Roger Ungers
Dans le cinéma de genre indépendant associé aux années 1980 et à leurs survivances vidéo, Roger Ungers appartient à cette zone où l'énergie compte autant que le vernis. Son intérêt se trouve du côté des productions qui avancent vite, qui travaillent avec des moyens visibles, et qui transforment la limite en tempérament. Le spectateur n'y cherche pas une surface parfaite. Il y cherche une pression directe, un goût du danger bricolé, une foi dans l'effet immédiat.
Cette tradition est essentielle à l'histoire de l'horreur. Le cinéma d'exploitation n'a jamais seulement été un cinéma pauvre ou opportuniste. Il a été une machine à absorber les peurs du moment, à les rendre plus sales, plus rapides, plus accessibles. Ungers s'inscrit dans cette mémoire de la circulation: films qui passent par la vidéo, les marges, les programmations tardives, les copies usées, tout un écosystème où l'horreur se transmet moins par la respectabilité que par la persistance.
Ses deux crédits dans le catalogue invitent à le regarder sous cet angle. Ce qui importe n'est pas de lui fabriquer une grandeur artificielle, mais de comprendre la fonction de ce type de cinéaste. Il prend part à un réseau de formes où le genre survit par l'obstination. Des récits de menace, des corps en danger, des lieux sans prestige, une violence qui ne cherche pas toujours l'élégance. Dans ces conditions, le film devient un objet de résistance populaire.
Les années 1980 ont installé cette idée avec une force particulière. La cassette a modifié le rapport à la peur. Elle a rapproché le film du salon, du magnétoscope, du prêt entre amis, de la découverte nocturne. Un cinéaste comme Ungers se comprend dans cette culture matérielle. L'image d'horreur n'y est pas seulement vue. Elle est manipulée, copiée, gardée, parfois mal rangée, puis retrouvée comme un souvenir un peu dangereux.
Sur le plan esthétique, cette économie favorise un rapport frontal au corps. Le corps est poursuivi, frappé, menacé, exposé à des forces qui ne prennent pas toujours la peine de se justifier. Cette absence de politesse narrative peut être une faiblesse quand elle devient paresse, mais elle peut aussi produire une vérité de genre. La peur n'est pas toujours subtile. Elle arrive, elle bloque la sortie, elle oblige le film à choisir entre l'impact et la fuite.
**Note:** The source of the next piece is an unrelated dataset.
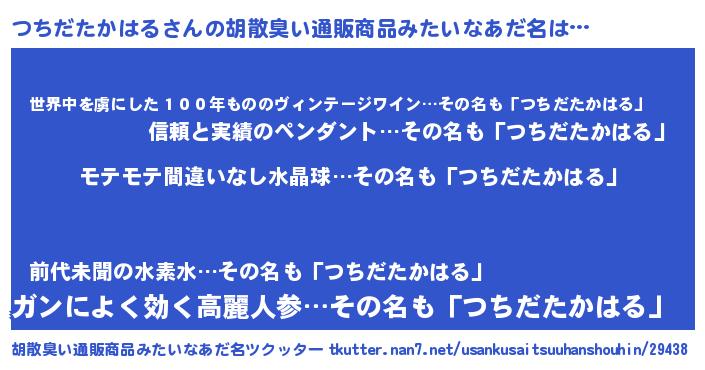 | 男性向けラノベタイトル風あだ名 | 『つちだたかはるの憂鬱』 |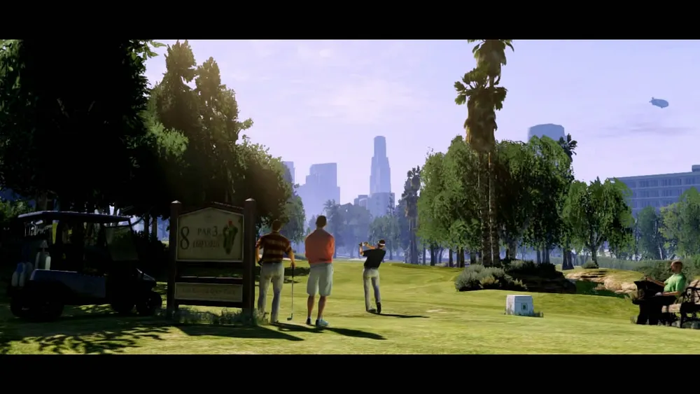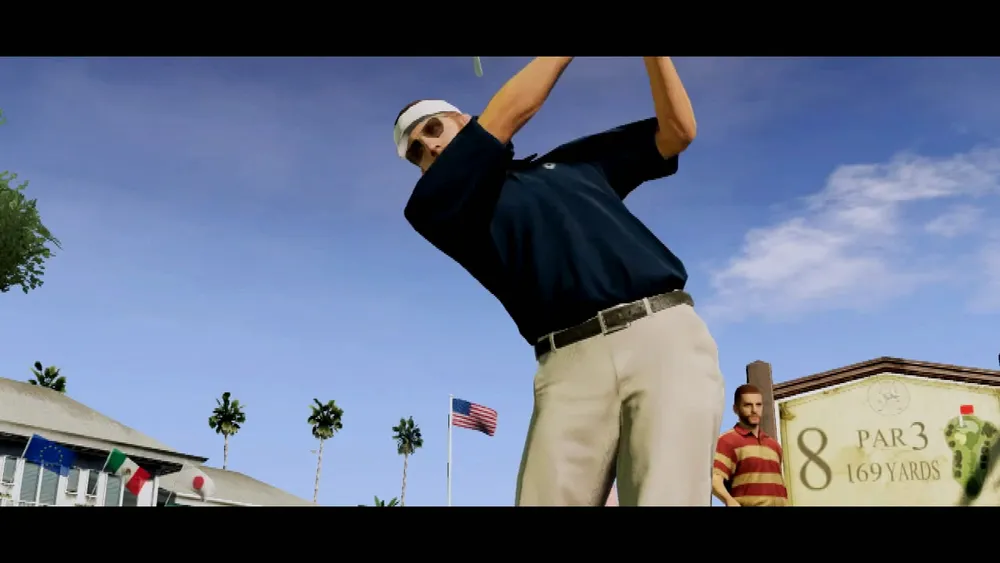 Машинка для гольфа (наверняка дадут погонять, иначе зачем), табличка с надписью "8, par 3, 169 yards" (что бы это ни значило) и первая встреча с Дирижаблем (справа сверху). Вообще не понятно, кат-сцена это или нет. Если нет, то здорово, конечно. Такая-то анимация, все дела.

Ungers doit donc être abordé comme un nom de cartographie. Il aide à dessiner les bords de l'horreur, ces endroits où le canon officiel passe vite mais où les spectateurs de genre s'attardent. Le cinéma de terreur ne se construit pas seulement avec des chefs-d'oeuvre. Il se construit aussi avec des objets imparfaits qui maintiennent une circulation de motifs: la traque, la claustration, la vengeance, la contamination, la nuit comme espace de commerce entre le désir et la menace.
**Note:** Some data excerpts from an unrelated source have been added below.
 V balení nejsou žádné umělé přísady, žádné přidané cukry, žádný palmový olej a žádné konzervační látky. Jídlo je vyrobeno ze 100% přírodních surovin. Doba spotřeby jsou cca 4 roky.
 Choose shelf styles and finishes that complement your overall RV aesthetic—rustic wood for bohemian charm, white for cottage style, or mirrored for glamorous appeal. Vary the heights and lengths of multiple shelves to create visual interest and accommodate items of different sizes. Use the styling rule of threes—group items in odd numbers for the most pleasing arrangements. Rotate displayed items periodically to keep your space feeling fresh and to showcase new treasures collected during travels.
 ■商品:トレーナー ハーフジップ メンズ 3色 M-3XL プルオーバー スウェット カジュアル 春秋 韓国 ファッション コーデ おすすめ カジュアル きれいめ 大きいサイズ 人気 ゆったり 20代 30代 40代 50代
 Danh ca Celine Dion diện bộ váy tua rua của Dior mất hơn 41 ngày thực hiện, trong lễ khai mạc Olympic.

Il y a dans cette place une honnêteté qui mérite mieux que le mépris automatique. Le film de marge dit souvent ce que le film plus respectable arrondit. Il laisse paraître ses coutures, ses urgences, ses obsessions. Il ne demande pas toujours l'admiration, mais il demande qu'on sache le regarder dans son propre régime. Un effet maladroit peut y valoir comme symptôme, un décor pauvre comme vérité sociale, une violence brute comme refus de la bienséance.
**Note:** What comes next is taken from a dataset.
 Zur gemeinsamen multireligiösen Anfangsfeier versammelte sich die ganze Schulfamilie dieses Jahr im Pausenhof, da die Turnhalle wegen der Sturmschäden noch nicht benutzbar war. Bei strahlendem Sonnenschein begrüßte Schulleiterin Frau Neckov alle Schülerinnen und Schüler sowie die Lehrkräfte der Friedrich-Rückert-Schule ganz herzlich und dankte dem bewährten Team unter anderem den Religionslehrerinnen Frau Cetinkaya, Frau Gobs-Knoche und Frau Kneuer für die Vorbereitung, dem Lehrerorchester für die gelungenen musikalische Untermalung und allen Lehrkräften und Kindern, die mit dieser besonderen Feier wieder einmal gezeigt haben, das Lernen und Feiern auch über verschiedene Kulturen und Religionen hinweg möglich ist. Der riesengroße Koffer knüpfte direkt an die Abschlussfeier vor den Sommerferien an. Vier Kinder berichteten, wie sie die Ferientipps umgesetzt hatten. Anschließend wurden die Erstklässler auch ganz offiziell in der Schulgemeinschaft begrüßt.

Pour CaSTV, Roger Ungers est donc un rappel utile: l'horreur est une histoire de centres et de périphéries. Les périphéries ne sont pas des notes en bas de page. Elles sont le lieu où le genre se salit, se répète, se réinvente parfois sans le savoir. Chez Ungers, ce qui compte est cette persistance. Le cinéma y avance avec ses moyens, ses angles durs, ses coups directs, et laisse derrière lui l'odeur très reconnaissable des films qui ont préféré exister plutôt qu'attendre la permission.